*Working data*:
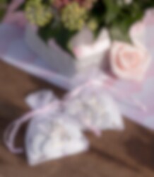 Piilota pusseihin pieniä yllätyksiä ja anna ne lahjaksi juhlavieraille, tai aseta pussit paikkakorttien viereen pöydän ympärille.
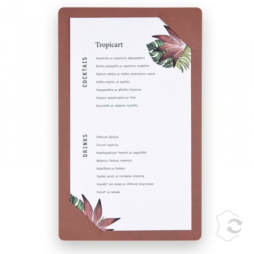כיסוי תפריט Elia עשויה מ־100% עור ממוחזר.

==

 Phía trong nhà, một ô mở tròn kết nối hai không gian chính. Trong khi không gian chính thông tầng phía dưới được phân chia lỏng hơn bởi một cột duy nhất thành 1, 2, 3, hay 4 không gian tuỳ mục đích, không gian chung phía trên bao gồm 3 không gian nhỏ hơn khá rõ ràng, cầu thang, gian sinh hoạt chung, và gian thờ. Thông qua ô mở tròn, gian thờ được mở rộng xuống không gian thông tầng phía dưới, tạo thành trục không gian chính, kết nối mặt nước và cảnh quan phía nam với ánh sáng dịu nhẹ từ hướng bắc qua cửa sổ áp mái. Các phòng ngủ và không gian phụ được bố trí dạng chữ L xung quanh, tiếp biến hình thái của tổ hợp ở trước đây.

* * *

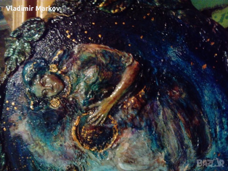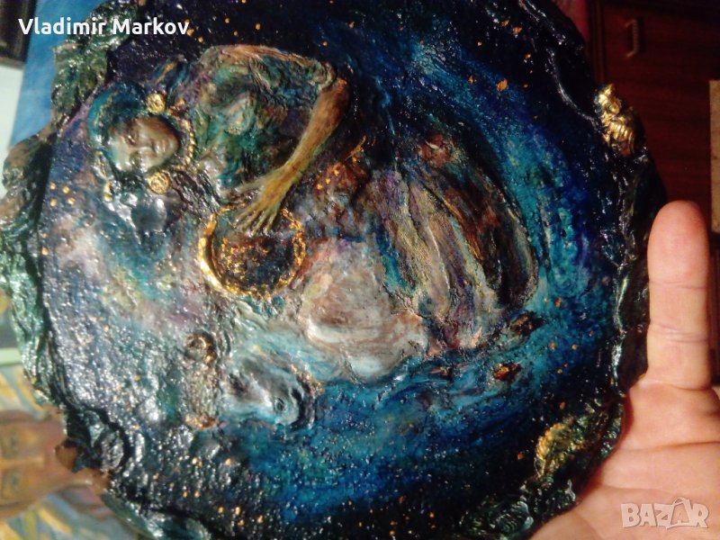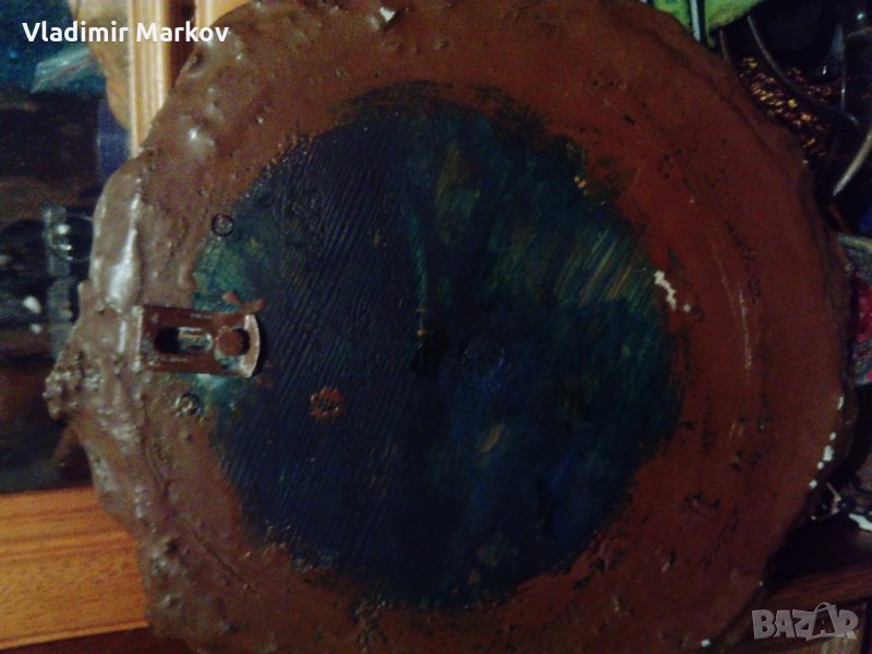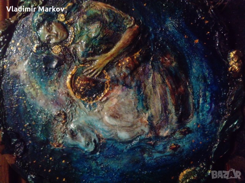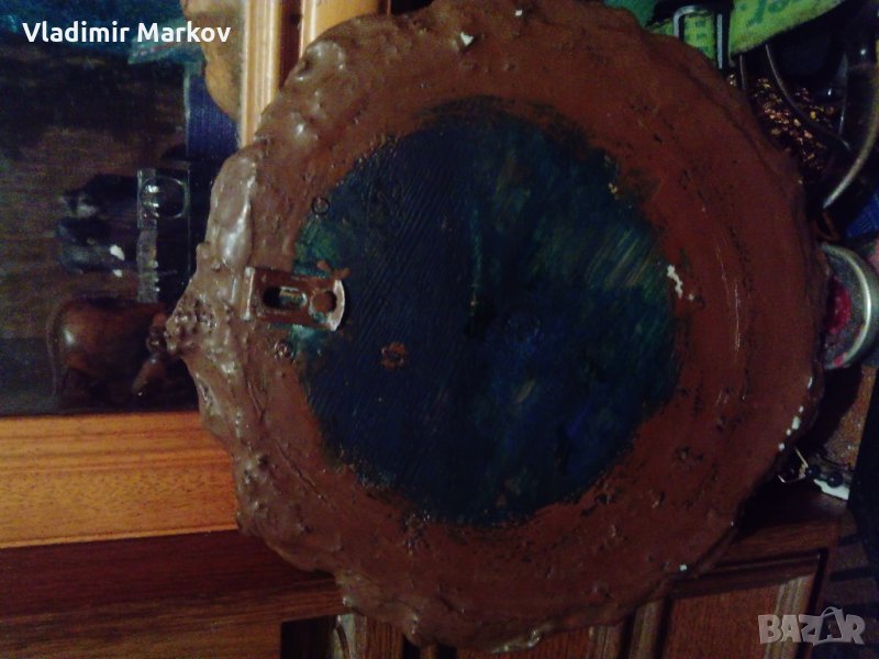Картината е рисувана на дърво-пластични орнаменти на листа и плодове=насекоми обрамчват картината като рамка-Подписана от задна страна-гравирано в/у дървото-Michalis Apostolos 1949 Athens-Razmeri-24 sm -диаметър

*Problem description*:
Everything between and including the line above containing "Piilota pusseihin pieniä" and the line containing "כיסוי תפריט Elia עשויה מ־100% עור ממוחזר." should be reproduced exactly, with pictures excluded.

*Exercise output*:
 Piilota pusseihin pieniä yllätyksiä ja anna ne lahjaksi juhlavieraille, tai aseta pussit paikkakorttien viereen pöydän ympärille.
כיסוי תפריט Elia עשויה מ־100% עור ממוחזר.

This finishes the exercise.